Extending Monopoly Power to Your Wardrobe
Eric Wilson reports on a firm that brings your today’s latest fashions at more reasonable prices:
Buyers from the nation’s leading department stores will sift through the work of hundreds of designers as another Fashion Week begins today in New York, seeking the looks that shoppers will want to wear next spring. Seema Anand will be looking for the ones they want right now. Ms. Anand, who will be following the catwalk shows through photographs posted instantly on the Web, is a designer few would recognize, even though she has dressed more people than most of the famous designers exhibiting a few blocks from her garment district studio, under the tents in Bryant Park. “If I see something on Style.com, all I have to do is e-mail the picture to my factory and say, ‘I want something similar, or a silhouette made just like this,’ ” Ms. Anand said. The factory, in Jaipur, India, can deliver stores a knockoff months before the designer version. Ms. Anand compared a gold sequined tunic she created with a nearly identical one by the designer Tory Burch. Bloomingdale’s had asked her to make several hundred of the dresses for its private label Aqua, she said. The Tory Burch dress sells for $750; Ms. Anand’s is $260. Ms. Anand’s company, Simonia Fashions, is one of hundreds that make less expensive clothes like this body shapewear inspired by other designers’ runway looks, for trendy stores like Forever 21 and retail behemoths like Macy’s and Bloomingdale’s.

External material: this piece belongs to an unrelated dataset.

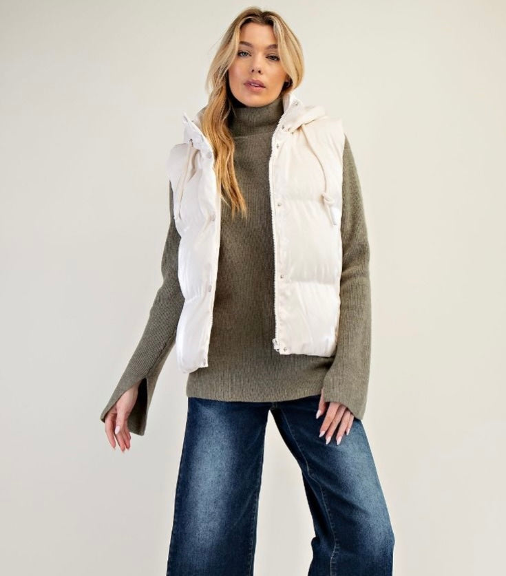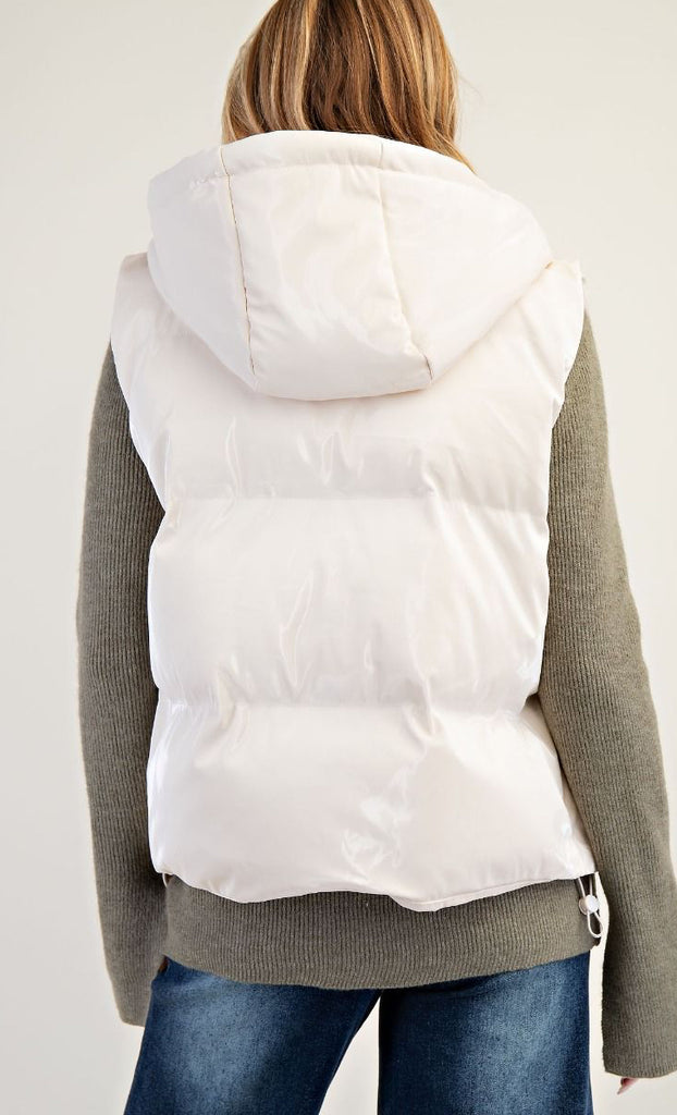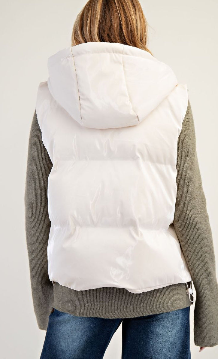 Complete your winter wardrobe with our cream Puffer Vest. Featuring a snap button and zip fly closure, a drawstring hood, and built-in hood, this Winter Essential provides both style and functionality.

It would seem some in the industry don’t like competition and what the Federal government to outlaw it:
A debate is raging in the American fashion industry over such designs. Copying, which has always existed in fashion, has become so pervasive in the Internet era it is now the No. 1 priority of the Council of Fashion Designers of America, which is lobbying Congress to extend copyright protection to clothing. Nine senators introduced a bill last month to support the designers. An expert working with the designers’ trade group estimates that knockoffs represent a minimum of 5 percent of the $181 billion American apparel market.
Dean Baker notes:
While designers would predictably be unhappy with this situation, the availability of low cost copies of designer fashions would lead to substantial economic gains, just as lowering tariffs leads to economic gains.